Task instructions ▸ Only the stretch below from the line holding "暮れなずむ下田湾に浮かぶ柿崎弁天島" through the line holding "2016-2017学年第一学期唐山市路南区五年级英语试卷(冀教版)【5】" should be restated, word for word and with both ends included; pictures stay out.

Provided records ▸

-- Opening Marker --

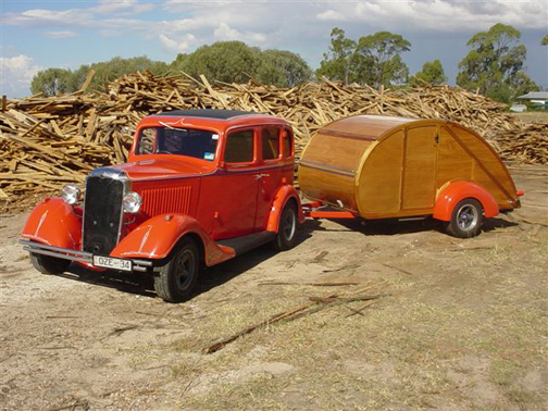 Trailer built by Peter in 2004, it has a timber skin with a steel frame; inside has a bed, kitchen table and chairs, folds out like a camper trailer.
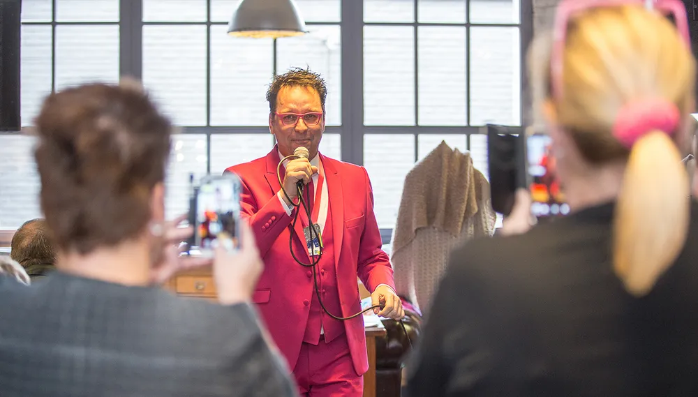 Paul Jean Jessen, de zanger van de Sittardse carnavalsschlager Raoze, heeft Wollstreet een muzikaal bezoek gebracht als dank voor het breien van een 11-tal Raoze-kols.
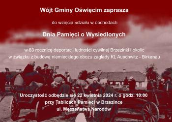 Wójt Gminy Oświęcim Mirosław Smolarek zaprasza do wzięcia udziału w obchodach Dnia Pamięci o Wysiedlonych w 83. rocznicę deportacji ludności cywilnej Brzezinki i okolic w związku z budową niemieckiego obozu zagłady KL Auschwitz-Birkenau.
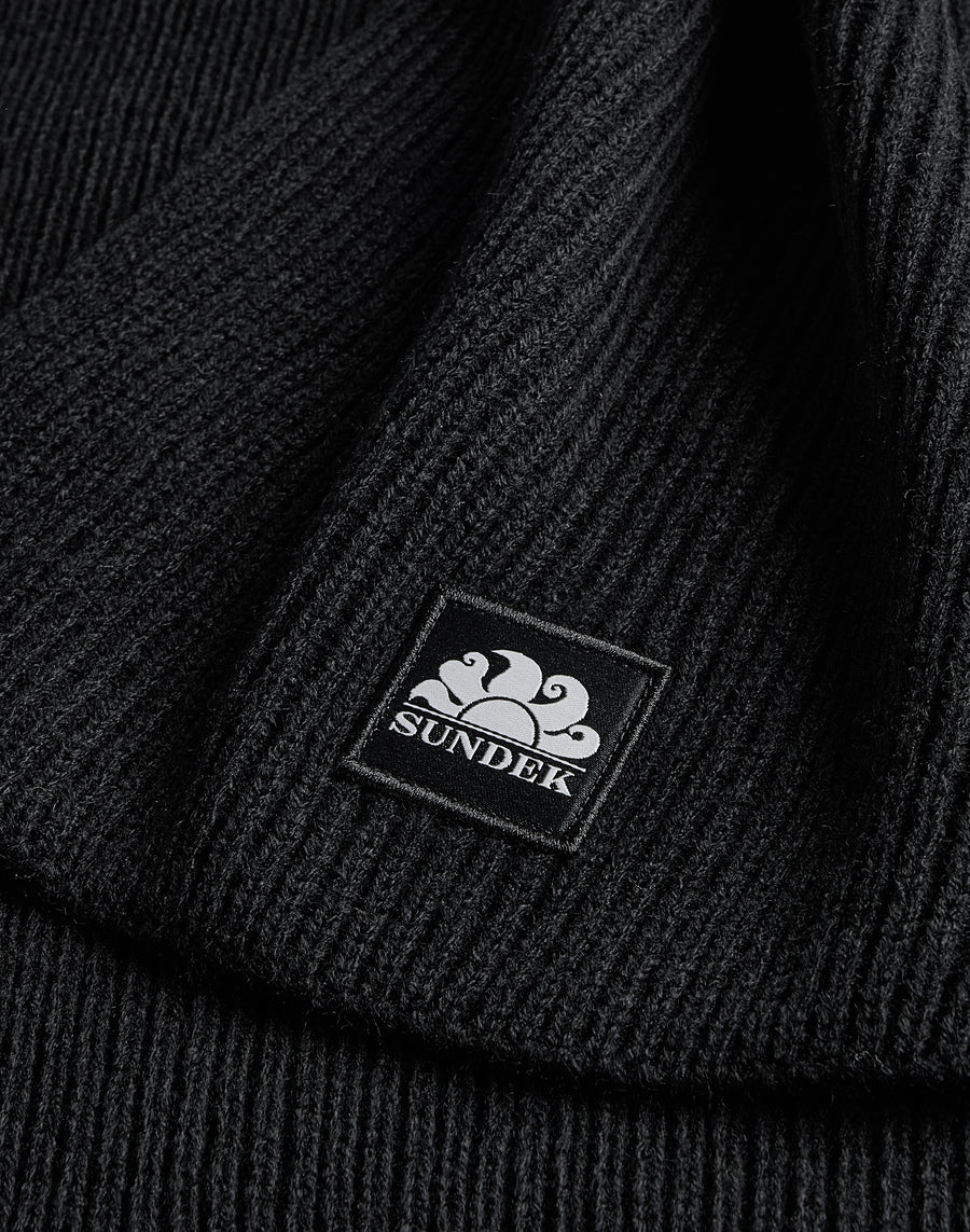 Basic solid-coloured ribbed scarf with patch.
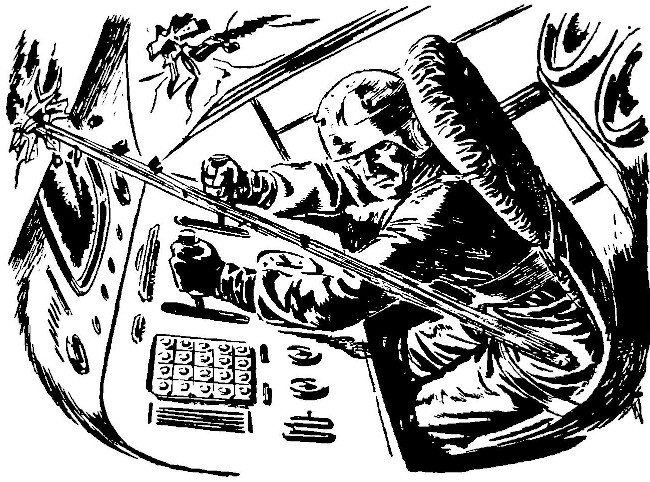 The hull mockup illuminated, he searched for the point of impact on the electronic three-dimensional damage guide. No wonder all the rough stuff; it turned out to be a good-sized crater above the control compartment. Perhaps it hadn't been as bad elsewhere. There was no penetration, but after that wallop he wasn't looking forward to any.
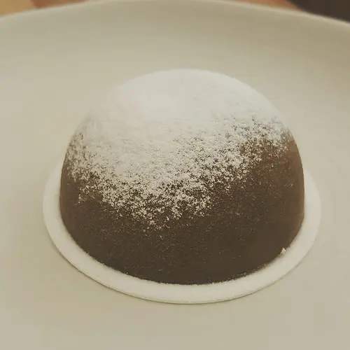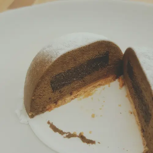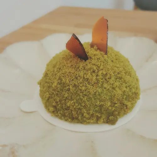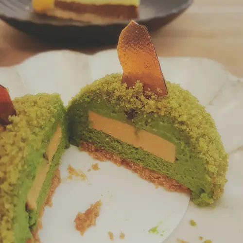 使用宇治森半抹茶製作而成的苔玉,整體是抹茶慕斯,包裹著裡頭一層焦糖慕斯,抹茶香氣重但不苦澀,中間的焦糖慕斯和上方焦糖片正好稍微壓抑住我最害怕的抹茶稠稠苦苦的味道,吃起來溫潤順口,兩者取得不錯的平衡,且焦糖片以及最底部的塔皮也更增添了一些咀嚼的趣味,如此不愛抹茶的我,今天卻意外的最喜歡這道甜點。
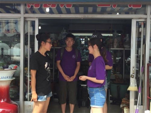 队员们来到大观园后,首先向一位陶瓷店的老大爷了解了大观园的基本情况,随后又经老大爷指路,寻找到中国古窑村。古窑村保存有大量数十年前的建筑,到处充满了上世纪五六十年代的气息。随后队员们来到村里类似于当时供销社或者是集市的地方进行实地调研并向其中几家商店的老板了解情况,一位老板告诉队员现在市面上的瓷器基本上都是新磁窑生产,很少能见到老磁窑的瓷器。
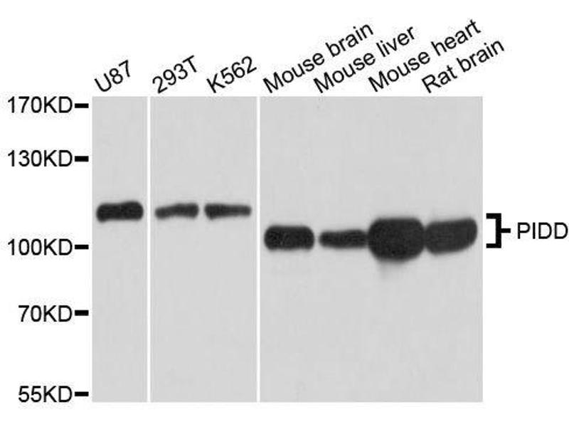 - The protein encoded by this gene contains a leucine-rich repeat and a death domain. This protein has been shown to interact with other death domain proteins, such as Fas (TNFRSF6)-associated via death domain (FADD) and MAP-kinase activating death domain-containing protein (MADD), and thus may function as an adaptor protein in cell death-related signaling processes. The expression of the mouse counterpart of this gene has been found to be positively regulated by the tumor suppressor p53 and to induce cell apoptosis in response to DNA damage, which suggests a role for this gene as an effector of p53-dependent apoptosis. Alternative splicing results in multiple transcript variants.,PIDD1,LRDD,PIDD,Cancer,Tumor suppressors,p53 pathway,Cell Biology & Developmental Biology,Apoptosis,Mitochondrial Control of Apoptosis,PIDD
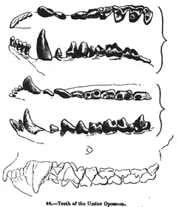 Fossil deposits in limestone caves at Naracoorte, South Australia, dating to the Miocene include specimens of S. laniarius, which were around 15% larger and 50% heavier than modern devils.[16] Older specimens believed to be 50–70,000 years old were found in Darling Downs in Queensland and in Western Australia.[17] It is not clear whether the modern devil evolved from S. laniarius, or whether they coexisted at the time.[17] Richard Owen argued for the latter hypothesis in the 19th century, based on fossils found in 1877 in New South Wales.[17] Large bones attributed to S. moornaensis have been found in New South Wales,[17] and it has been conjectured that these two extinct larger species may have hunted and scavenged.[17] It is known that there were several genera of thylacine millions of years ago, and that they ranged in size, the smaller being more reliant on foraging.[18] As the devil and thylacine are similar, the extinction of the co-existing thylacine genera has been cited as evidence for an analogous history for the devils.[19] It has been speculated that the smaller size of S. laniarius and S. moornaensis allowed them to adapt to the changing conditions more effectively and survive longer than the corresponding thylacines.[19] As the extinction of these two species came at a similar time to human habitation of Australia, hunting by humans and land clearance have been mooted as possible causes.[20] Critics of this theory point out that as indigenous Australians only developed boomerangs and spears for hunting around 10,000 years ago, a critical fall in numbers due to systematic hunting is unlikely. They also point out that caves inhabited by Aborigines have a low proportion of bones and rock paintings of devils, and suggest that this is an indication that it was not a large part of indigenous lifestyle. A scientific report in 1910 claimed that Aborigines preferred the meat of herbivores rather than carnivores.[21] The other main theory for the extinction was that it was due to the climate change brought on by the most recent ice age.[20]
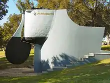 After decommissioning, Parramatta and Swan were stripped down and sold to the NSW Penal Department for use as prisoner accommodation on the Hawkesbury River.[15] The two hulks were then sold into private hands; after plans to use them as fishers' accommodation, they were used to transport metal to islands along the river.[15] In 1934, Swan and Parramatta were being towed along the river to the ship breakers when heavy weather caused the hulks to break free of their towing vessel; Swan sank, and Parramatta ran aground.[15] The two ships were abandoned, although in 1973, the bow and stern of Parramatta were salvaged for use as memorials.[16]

-- Closing Marker --
-- Opening Marker --

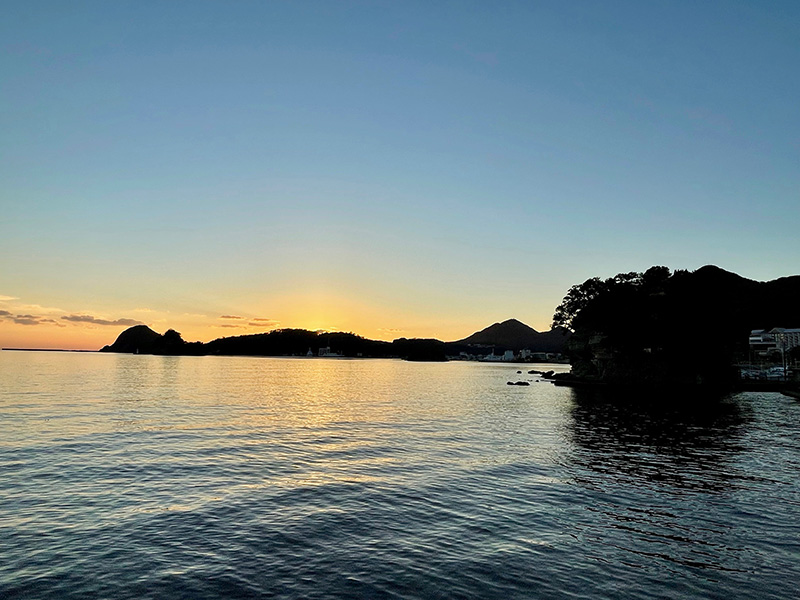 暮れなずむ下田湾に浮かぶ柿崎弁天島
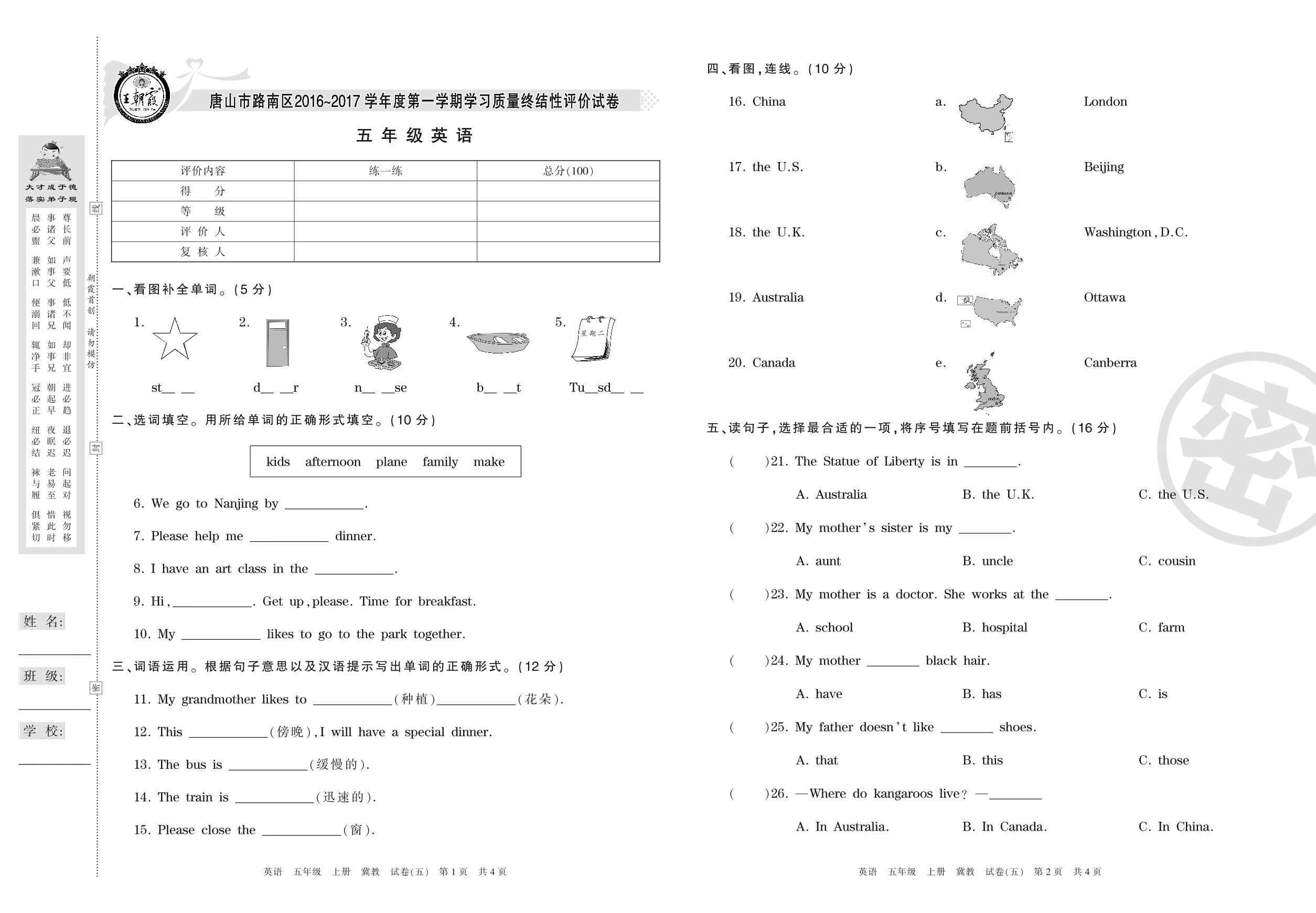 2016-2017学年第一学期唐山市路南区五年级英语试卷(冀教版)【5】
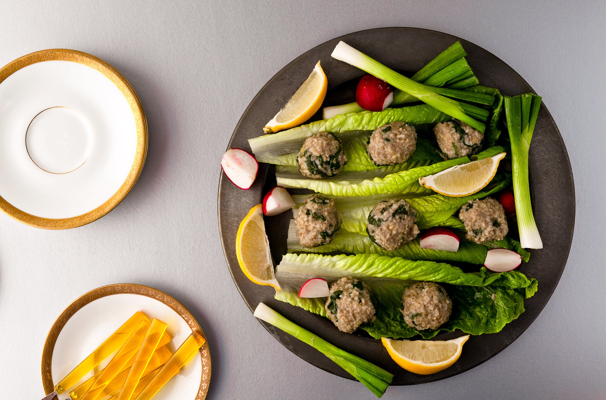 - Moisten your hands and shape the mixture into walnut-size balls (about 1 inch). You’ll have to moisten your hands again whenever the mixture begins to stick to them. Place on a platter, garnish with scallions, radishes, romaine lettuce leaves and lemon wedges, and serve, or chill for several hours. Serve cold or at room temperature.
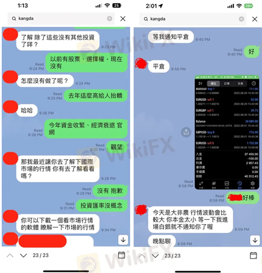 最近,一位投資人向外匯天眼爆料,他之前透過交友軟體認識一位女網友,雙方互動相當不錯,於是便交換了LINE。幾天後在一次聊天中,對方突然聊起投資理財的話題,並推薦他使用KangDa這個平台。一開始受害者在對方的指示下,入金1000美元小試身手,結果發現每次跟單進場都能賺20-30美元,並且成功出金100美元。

-- Closing Marker --
-- Opening Marker --

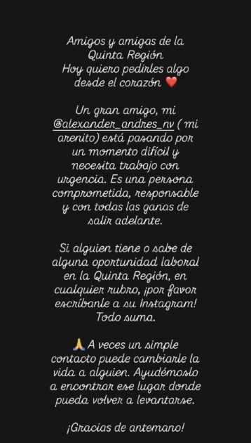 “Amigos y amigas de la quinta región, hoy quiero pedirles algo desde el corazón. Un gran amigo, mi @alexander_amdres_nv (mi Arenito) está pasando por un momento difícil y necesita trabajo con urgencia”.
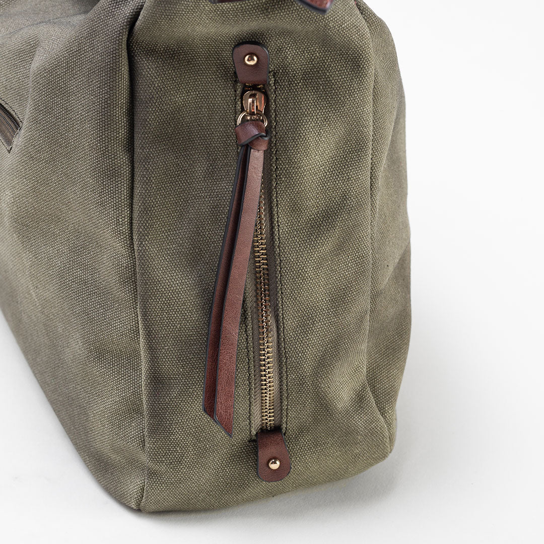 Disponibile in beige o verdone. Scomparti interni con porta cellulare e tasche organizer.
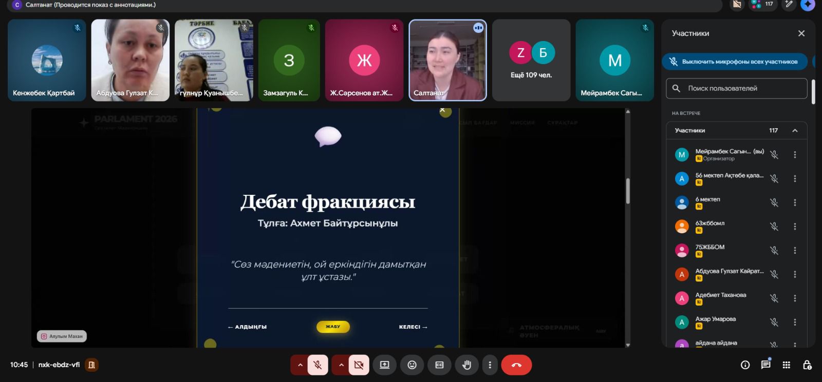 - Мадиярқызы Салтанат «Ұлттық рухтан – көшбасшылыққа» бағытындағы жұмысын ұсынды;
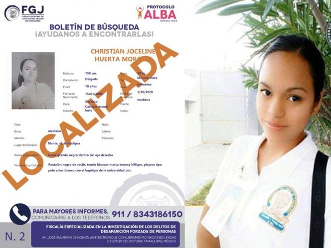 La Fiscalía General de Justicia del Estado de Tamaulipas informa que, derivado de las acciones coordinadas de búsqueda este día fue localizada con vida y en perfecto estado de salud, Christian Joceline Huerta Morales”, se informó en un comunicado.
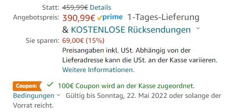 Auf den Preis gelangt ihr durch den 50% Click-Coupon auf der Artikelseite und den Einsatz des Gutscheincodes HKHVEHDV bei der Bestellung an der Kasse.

-- Closing Marker --

The answer ▸
 暮れなずむ下田湾に浮かぶ柿崎弁天島
 2016-2017学年第一学期唐山市路南区五年级英语试卷(冀教版)【5】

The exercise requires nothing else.